**Given information:**
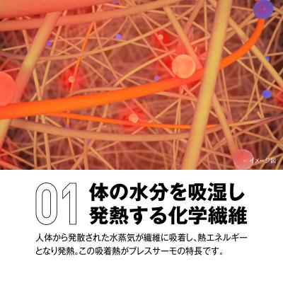 体からの水分を吸収、その吸着熱を利用して温度を上昇させる発熱素材。
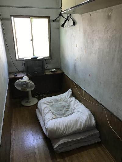 ドアを開けたとたん絶句します。ほんとに布団一組がおけるスペースのみ。
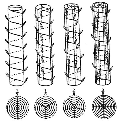 При спиральном листорасположении листья у семенных растений расположены не беспорядочно, а в определенном порядке, характерном для каждого вида растений. Если мысленно соединить линией места прикрепления листьев, расположенных вверх непосредственно один за другим, пока не дойдем до листа, сидящего над тем, с которого начали (т. е. на той же ортостихе), то мы получим так называемую основную или генетическую1 спираль; совокупность листьев в ней, не считая последнего, сидящего на одной ортостихе с первым, называется листовым циклом. Угол окружности, на который отстоит один лист от другого, расположенного над ним или под ним, называется углом расхождения (дивергенция2).
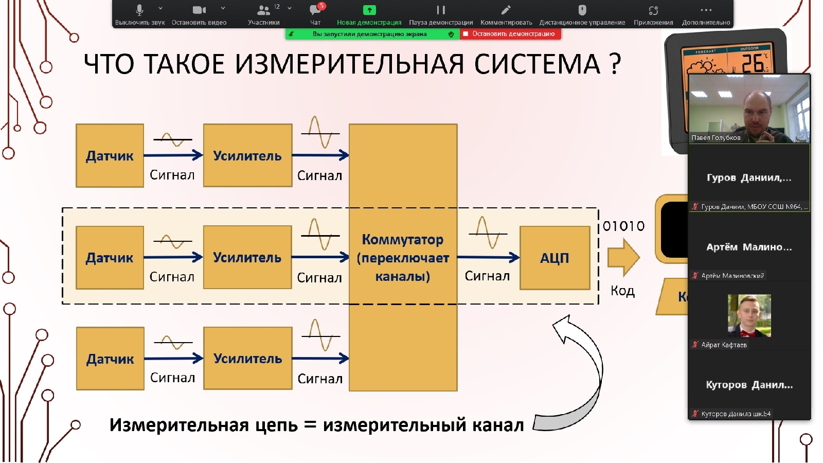 С 14 по 21 февраля 2022 г в рамках Политехнической школы ПГУ состоялись занятия на тему «Информационные технологии и измерительные системы». Слушатели – ученики старших классов МБОУ СОШ № 52, 64, 37 г. Пензы. В проведении занятий приняли участие Е.А. Печерская – д.т.н., зав. каф. «Информационно-измерительная техника и метрология» (ИИТиМ), П.Е. Голубков – инженер – исследователь кафедры ИИТиМ, М.И. Сафронов - инженер – исследователь кафедры ИИТиМ, зам. декана ФИТЭ по научной работе.

**Work item:** Give back exactly the lines above from the one with "ドアを開けたとたん絶句します。ほんとに布団一組がおけるスペースのみ。" through the one with "При спиральном листорасположении", both included. Pictures don't belong in the copy.

**Output of the task:**
 ドアを開けたとたん絶句します。ほんとに布団一組がおけるスペースのみ。
 При спиральном листорасположении листья у семенных растений расположены не беспорядочно, а в определенном порядке, характерном для каждого вида растений. Если мысленно соединить линией места прикрепления листьев, расположенных вверх непосредственно один за другим, пока не дойдем до листа, сидящего над тем, с которого начали (т. е. на той же ортостихе), то мы получим так называемую основную или генетическую1 спираль; совокупность листьев в ней, не считая последнего, сидящего на одной ортостихе с первым, называется листовым циклом. Угол окружности, на который отстоит один лист от другого, расположенного над ним или под ним, называется углом расхождения (дивергенция2).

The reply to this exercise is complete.